Edit: The AI also uses some local variables declared static for performance. All those will have to have the static keyword removed of course.

@hessenfarmer
Copy link
Contributor

ok thanks I will have a look.
What is promising is that a singleplayer game with only one AI runs without a crash for quite a while

@hessenfarmer
Copy link
Contributor

Ok I am in Progress in understanding the concept.
In a first run I will clear of the static variables then as the above crash seems to be exactly an issue from this problem.
I still have difficulties to determine which type of Mutex to use when I need one. (i.e. what is the definition of each enum entry in the mutex Id enum?)
I don't know what a OPtr is and what the difference to a normal pointer is.

@Noordfrees
Copy link
Member

The only mutex you should need for the AI is the kObjects mutex.
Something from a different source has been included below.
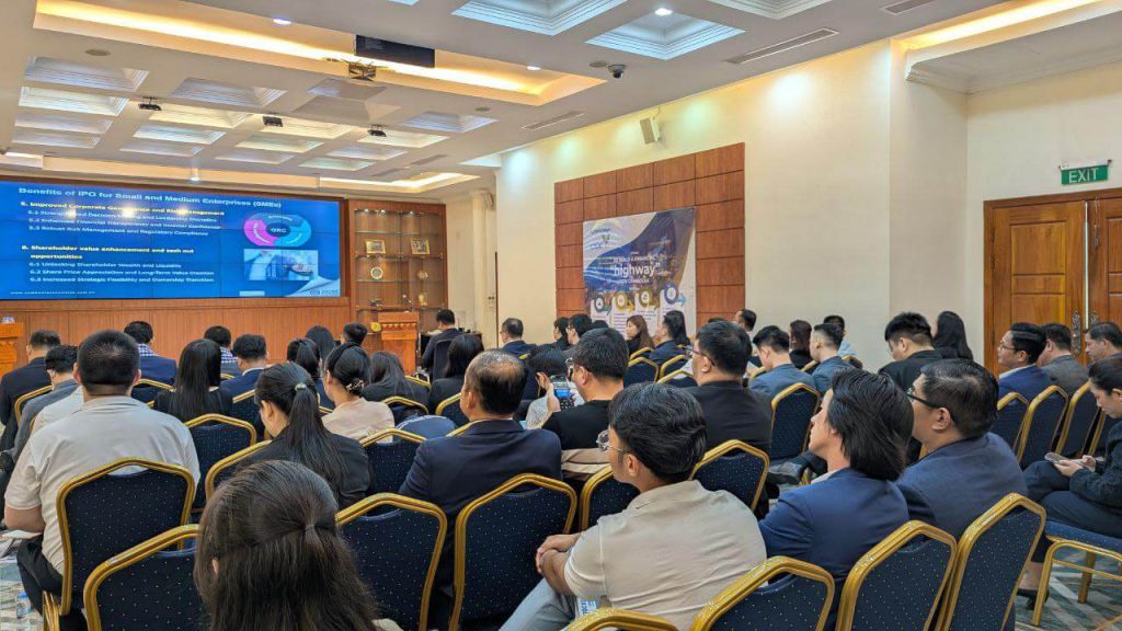 “Mr. Sokvichhai, Managing Director of Sithisak Law Office, presenting at the Workshop on Capital Market Development — guiding companies on the path to IPO.”

The other ones are all used by various parts of the back-end, but the AI code uses front-end functions which already ought to take care of thread safety. E.g. the kCommands mutex guards against concurrent sending and processing of player commands, and the AI sends its commands via the send_... functions which use this mutex internally.
The kObjects mutex guards creation and deletion of map objects. Any new map object is first created and then initialized, and this is guarded by a kObjects lock to ensure that other threads will not attempt to access a map object before its initialization is complete. Whenever an object is removed, all the time from its cleanup until the actual deletion is also guarded by a lock to ensure other threads won't access an object that is in the process of being deleted. A few other major changes are guarded similarly.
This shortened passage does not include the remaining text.